Task instructions -
Give the listing again in full and exactly, apart from its pictures.

Data provided -
════

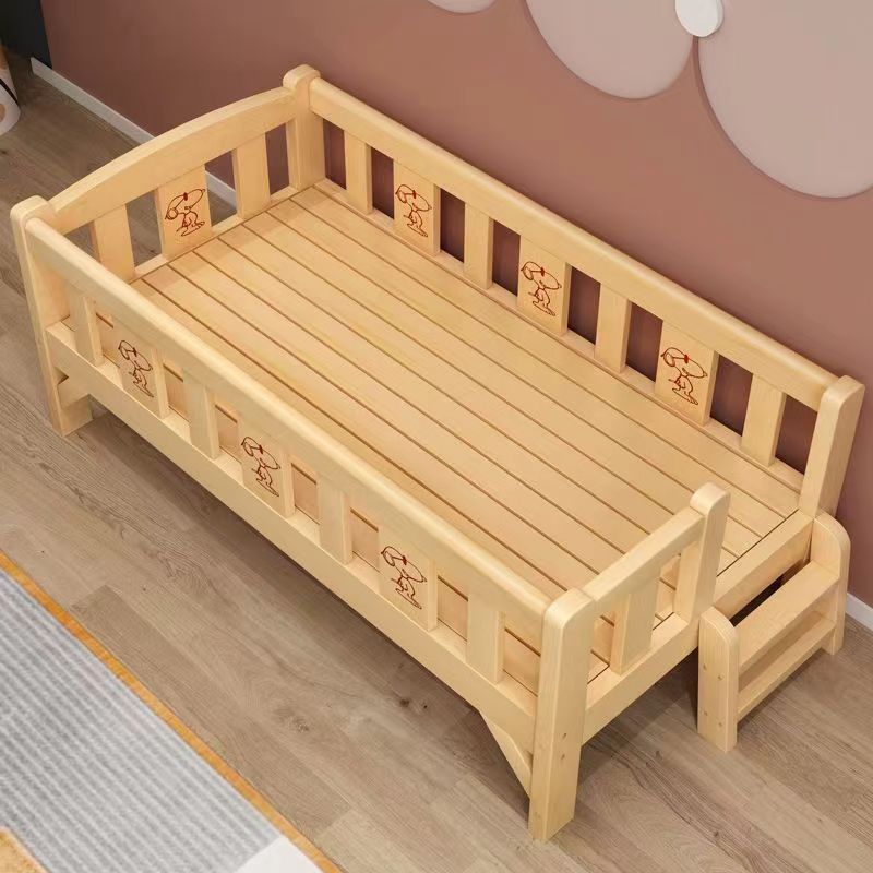 가드레일이 있는 단단한 나무 어린이 접합 침대 아기 유아용 침대 신생아 소년 소녀 접합 대형 침대 확대 유물
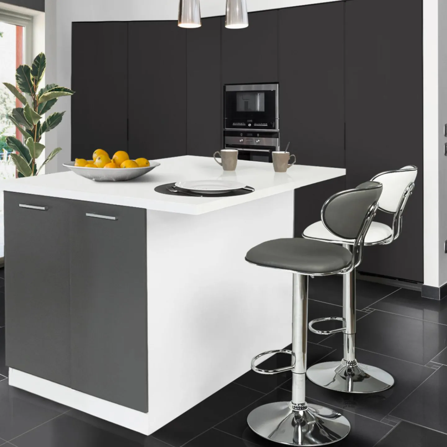 Ses panneaux de particules de 1,5 cm d’épaisseur font de ce meuble îlot cuisine blanc et gris un élément vraiment stable et robuste. Vous avez renversé votre verre ? Un simple coup de chiffon humide et voilà votre îlot central + table nettoyé !
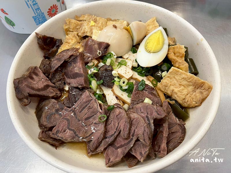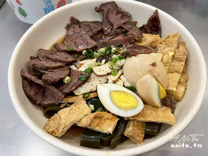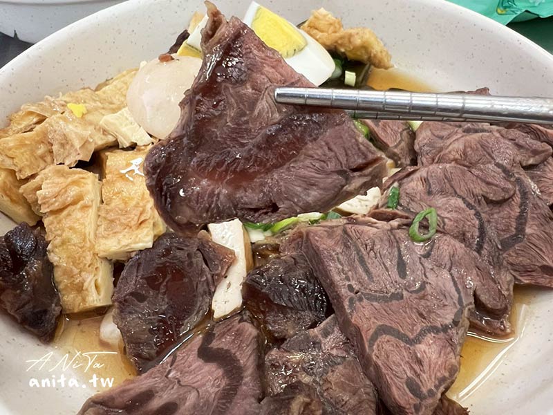 牛腱心拼盤裡面有牛腱心、豆皮、海帶、豆干、滷蛋,牛腱心沒有燉到很軟是有嚼勁的那種,有筋的地方越咬越香,食材新鮮但其實沒有滷到很入味,我們都沾辣椒吃。

════

Problem solution -
 가드레일이 있는 단단한 나무 어린이 접합 침대 아기 유아용 침대 신생아 소년 소녀 접합 대형 침대 확대 유물
 Ses panneaux de particules de 1,5 cm d’épaisseur font de ce meuble îlot cuisine blanc et gris un élément vraiment stable et robuste. Vous avez renversé votre verre ? Un simple coup de chiffon humide et voilà votre îlot central + table nettoyé !
 牛腱心拼盤裡面有牛腱心、豆皮、海帶、豆干、滷蛋,牛腱心沒有燉到很軟是有嚼勁的那種,有筋的地方越咬越香,食材新鮮但其實沒有滷到很入味,我們都沾辣椒吃。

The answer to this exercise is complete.